Ralf Sander hat ein finsteren Thriller mit einem beängstigenden Hauptdarsteller gesehen. "Kafka und Dostojewski, Lynch und Cronenberg, dazu noch Alfred Hitchcock - Regisseur Brad Anderson orientiert sich offensichtlich an anerkannten Experten für Verzweiflung, Düsternis und Wahnsinn, aber auch für Hochspannung. DER MASCHINIST ist Thriller und Drama, faszinierendes Rätselspiel und bedrückende Schuld-und-Sühne-Abhandlung zugleich. Anderson bringt das clevere Drehbuch von Scott Korsar in atmosphärisch dichten Bildern auf die Leinwand. Der Zuschauer ist strikt an Trevors Perspektive gebunden, nimmt an seinen Erfahrungen teil, erfährt aber nichts darüber hinaus."

11. November 2004 | Kritik • Berliner Zeitung

Thomas Abeltshauser spricht mit dem Schauspieler Christian Bale über seine Rolle in DER MASCHINIST.

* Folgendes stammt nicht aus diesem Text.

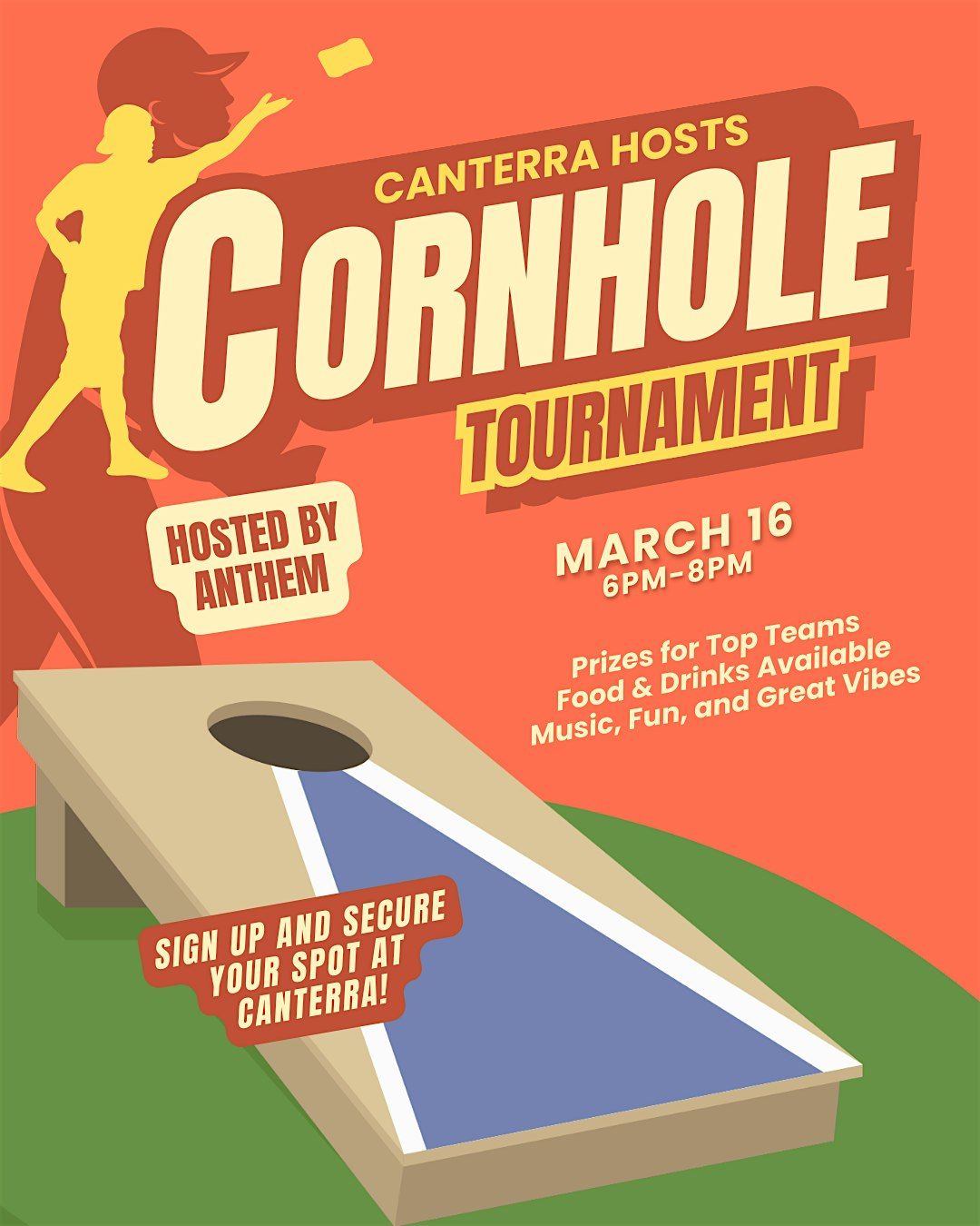 Get ready for some friendly competition and good vibes! Join us at Canterra for an epic Cornhole Tournament hosted by Anthem. Whether you're a seasoned vet or just wanna have fun, this event is all about great times and awesome throws. Don't miss out on the action—grab your friends and come show off your skills! Sign up in advance at Canterra.
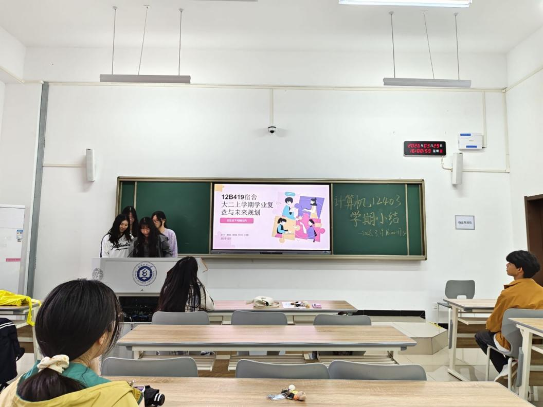 12B415宿舍汇报,上学期成员紧密协作、互相督促,课堂专注、课后交流,无挂科情况,专业与实践能力均有提升。未来将以更明确的目标、更自律的态度,夯实基础、参与竞赛,携手共进。

11. November 2004 | Kritik • Die Welt

Sascha Westphal hat eine Geschichte um Schuld und Sühne, Verdrängung und Erlösung gesehen, in der nichts so ist, wie man zunächst meint. " Brad Anderson spielt virtuos mit den Manipulationsmöglichkeiten des Kinos. Das ist ein Segen, aber auch ein Fluch. So atmosphärisch dicht DER MASCHINIST auch erzählt ist, seine Auflösung, die einzig und allein auf der Täuschung des Zuschauers basiert, muß letztlich eine Enttäuschung sein. Daran können nicht einmal Christian Bales eindrucksvolles Spiel und sein an Selbstzerstörung grenzender Einsatz etwas ändern."

11. November 2004 | Kritik • Neues Deutschland

Andersons perfekter kleiner Thriller DER MASCHINIST schafft das Wunder, mehr zu sein als die Summe seiner Teile, meint Caroline M. Buck. "Der Film sieht aus wie das Werk eines durchgeknallten Werbefilmers und entwickelt einen Sog wie ein tödlicher Cocktail ... DER MASCHINIST, in spanischer Hitze entstanden, ist seinerseits so kalt und klaustrophobisch wie das Viersterne-Fach eines Kühlschranks."

November 2004 | Kritik • Der Schnitt

Stefan Höltgen ist von der Charakterzeichnung begeistert, die er als äußerst empathisch und um Authentizität bemüht bezeichnet. "Seine Freundlichkeit und Warmherzigkeit, die niemals als Vorwand diskreditiert wird und mit der er alle anderen Figuren für sich gewinnt, bilden die ideale Grundlage für die finale Wendung des Films. Und diese wirkt hier - selten genug - keineswegs als Ausrede des Plots, um sich nachträglich "mysteriös" zu geben, sondern bebildert eine erzählerisch plausible psychische Katastrophe, an deren Ende der Protagonist die Wahrheit über sich selbst entdeckt."

10. Februar 2004 | Kritik • Der Tagesspiegel

Julian Hanich hat eine "kinematographische Schnitzeljagd" miterlebt. "Auf dem Handlungspfad liegen Hinweise aus, die bei der Lösung des Rätsels behilflich sind. Man muss daher immer auf der Hut sein, wenn die Kamera Plakate und Aufschriften in den Blick rückt. ... Je weiter die Handlung ausgerollt wird, desto beklemmender und ungemütlicher entwickelt sie sich." Die Kamera tut das ihrige mit "faszinierend kalten und entsättigten Cinemascope-Bildern" dazu.